The numerical model of a shaftless hollow pump is established, and the suction flow of the pump at different rotational speeds is studied using the computational fluid dynamics method. We analyzed the velocity and pressure in the internal and external cavities of the hollow sampling pump and the external pipe and elucidated the principle of non-destructive sampling in the hollow sampling pump. The effects of the width of the internal and external cavities, blade angle, and number of blades on the flow rate of the internal cavity inlet at a certain rotational speed and the total size of the cross-section are further studied. The results show that the higher the blade rotational speed, the greater the inlet flow. At a fixed rotational speed, the internal and external cavity size and blade angle have significant effects on the flow rate of the internal cavity inlet, while the number of blades has relatively little influence on the inlet flow. Taking n = 180 rpm as an example, when the internal and external cavities are h = 14 mm and d = 52 mm, the blade angle is 45°, and the number of blades is five, the flow rate at the internal cavity inlet of the sampling pump is the highest. All cases show that the flow rate at the internal cavity inlet is directly related to the negative pressure difference between the internal cavity outlet and inlet. The greater the negative pressure at the internal cavity outlet, the greater the flow rate at the internal cavity inlet.

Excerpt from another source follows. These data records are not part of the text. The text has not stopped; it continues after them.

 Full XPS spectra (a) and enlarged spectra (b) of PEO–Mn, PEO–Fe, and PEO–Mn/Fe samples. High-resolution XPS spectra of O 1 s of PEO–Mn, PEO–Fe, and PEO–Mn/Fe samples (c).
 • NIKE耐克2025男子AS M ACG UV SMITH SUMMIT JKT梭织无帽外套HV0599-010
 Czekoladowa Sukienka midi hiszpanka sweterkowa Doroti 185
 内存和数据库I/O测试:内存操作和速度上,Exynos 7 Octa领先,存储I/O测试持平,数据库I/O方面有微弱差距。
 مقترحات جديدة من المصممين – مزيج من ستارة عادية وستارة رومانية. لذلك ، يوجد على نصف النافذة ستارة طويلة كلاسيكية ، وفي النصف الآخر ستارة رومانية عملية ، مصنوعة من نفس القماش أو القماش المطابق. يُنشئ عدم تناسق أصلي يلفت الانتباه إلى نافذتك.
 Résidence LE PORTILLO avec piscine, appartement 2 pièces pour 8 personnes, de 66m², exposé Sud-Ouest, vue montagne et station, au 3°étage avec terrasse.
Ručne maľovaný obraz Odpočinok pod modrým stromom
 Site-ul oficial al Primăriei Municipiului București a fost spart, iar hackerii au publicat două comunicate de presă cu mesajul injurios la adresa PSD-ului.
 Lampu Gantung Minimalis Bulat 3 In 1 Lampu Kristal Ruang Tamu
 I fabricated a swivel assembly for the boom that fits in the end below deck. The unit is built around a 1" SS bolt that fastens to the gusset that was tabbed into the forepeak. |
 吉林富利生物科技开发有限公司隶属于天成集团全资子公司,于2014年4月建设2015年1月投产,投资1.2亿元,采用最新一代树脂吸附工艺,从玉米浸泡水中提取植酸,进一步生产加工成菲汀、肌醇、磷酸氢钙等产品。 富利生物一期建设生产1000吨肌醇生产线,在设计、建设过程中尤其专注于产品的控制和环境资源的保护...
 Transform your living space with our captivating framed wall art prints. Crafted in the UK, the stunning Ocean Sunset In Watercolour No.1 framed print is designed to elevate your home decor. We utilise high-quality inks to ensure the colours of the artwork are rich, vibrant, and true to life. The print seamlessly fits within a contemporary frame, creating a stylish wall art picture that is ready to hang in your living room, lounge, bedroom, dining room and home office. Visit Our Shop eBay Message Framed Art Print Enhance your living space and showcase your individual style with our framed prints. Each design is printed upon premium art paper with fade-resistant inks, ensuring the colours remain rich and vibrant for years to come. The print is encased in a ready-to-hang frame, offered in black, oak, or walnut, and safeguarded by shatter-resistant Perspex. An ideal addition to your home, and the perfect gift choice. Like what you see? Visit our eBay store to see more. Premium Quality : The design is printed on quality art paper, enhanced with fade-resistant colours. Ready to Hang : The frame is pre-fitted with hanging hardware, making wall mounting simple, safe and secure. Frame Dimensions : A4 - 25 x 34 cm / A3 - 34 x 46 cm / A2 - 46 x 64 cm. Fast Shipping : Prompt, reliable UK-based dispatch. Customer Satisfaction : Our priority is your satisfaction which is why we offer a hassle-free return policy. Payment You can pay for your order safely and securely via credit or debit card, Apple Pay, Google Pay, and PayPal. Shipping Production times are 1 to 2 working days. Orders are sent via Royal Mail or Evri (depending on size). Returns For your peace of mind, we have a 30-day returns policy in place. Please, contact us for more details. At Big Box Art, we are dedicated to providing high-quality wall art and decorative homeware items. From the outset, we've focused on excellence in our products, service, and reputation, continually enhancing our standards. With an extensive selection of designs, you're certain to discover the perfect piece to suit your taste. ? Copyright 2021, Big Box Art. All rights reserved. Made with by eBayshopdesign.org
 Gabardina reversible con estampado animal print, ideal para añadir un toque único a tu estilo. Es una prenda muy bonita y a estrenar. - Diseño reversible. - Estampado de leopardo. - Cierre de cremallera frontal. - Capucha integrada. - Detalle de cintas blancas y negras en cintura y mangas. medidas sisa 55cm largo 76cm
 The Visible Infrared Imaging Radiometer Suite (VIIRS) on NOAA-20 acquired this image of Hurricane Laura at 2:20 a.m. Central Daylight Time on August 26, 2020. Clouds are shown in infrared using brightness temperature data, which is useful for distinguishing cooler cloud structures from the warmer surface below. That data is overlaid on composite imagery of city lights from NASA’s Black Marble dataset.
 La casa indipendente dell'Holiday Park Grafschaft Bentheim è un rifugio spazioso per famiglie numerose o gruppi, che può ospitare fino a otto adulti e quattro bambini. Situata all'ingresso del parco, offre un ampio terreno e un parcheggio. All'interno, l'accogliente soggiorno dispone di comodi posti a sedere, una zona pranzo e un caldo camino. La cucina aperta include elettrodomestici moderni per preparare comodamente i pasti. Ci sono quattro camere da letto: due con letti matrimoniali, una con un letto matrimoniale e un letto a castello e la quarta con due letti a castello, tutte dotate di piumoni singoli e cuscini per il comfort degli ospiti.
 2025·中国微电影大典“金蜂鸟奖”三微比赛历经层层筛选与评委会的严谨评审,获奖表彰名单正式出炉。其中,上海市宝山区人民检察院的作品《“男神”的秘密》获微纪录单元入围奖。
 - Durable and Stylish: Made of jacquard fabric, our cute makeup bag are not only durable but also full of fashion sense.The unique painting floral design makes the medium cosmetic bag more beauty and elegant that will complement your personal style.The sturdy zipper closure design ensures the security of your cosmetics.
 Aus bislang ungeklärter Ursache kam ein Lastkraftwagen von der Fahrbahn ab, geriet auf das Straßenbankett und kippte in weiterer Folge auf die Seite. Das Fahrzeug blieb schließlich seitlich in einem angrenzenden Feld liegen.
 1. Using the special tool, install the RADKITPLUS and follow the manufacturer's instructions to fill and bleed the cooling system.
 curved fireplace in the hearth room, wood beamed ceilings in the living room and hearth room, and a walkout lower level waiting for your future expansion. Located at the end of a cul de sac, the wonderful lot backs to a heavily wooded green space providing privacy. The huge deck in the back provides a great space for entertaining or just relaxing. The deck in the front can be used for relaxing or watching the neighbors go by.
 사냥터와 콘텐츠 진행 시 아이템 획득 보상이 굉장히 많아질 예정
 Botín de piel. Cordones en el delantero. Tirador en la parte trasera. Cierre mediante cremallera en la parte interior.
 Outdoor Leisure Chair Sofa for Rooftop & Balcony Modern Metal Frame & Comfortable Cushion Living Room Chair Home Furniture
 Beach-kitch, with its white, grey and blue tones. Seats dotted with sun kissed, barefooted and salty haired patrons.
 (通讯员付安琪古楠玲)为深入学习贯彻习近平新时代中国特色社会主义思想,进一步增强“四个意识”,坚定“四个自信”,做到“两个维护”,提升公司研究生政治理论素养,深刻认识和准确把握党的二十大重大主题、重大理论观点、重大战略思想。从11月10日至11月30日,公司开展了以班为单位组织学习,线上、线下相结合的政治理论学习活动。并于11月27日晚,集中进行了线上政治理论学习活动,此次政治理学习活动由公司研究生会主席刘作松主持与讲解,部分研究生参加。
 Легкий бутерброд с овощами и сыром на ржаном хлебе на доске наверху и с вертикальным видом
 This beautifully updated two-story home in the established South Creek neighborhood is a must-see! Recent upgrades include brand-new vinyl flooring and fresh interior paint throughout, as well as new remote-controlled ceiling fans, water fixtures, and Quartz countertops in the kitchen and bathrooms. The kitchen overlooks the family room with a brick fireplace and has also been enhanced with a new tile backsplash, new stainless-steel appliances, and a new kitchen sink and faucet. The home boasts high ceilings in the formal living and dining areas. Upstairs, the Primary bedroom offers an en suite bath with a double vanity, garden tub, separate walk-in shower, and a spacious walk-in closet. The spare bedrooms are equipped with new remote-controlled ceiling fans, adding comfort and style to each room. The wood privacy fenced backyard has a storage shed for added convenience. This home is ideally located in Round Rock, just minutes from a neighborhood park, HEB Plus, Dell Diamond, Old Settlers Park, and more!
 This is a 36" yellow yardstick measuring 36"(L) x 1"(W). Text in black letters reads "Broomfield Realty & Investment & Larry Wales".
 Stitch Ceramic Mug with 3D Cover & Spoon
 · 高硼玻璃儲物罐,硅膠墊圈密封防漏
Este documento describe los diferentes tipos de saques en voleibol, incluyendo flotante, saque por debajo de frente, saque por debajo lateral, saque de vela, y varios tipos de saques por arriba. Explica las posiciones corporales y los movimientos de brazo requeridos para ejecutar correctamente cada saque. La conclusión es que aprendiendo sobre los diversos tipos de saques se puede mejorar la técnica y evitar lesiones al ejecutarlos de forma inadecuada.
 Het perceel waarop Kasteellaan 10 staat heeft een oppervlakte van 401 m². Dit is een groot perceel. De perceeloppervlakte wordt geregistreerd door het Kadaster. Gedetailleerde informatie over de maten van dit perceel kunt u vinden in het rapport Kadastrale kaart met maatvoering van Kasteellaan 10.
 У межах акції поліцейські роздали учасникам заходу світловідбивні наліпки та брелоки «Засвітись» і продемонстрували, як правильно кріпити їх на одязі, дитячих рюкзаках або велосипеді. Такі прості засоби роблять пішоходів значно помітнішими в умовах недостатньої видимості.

Finally, the sampling pump is designed and manufactured, and the laboratory pool experiment is designed to carry out jellyfish sampling. The experimental results show that the suction flow of the shaftless hollow pump can reach more than 1.50 m³/h, and the non-destructive capture of jellyfish can be realized.

The shaftless hollow pump designed in this paper can provide the key core components of the fixed-point filter sampler for plankton in the ocean so as to realize efficient, non-destructive sampling of fixed-point flow, which is of great significance for the study of marine plankton.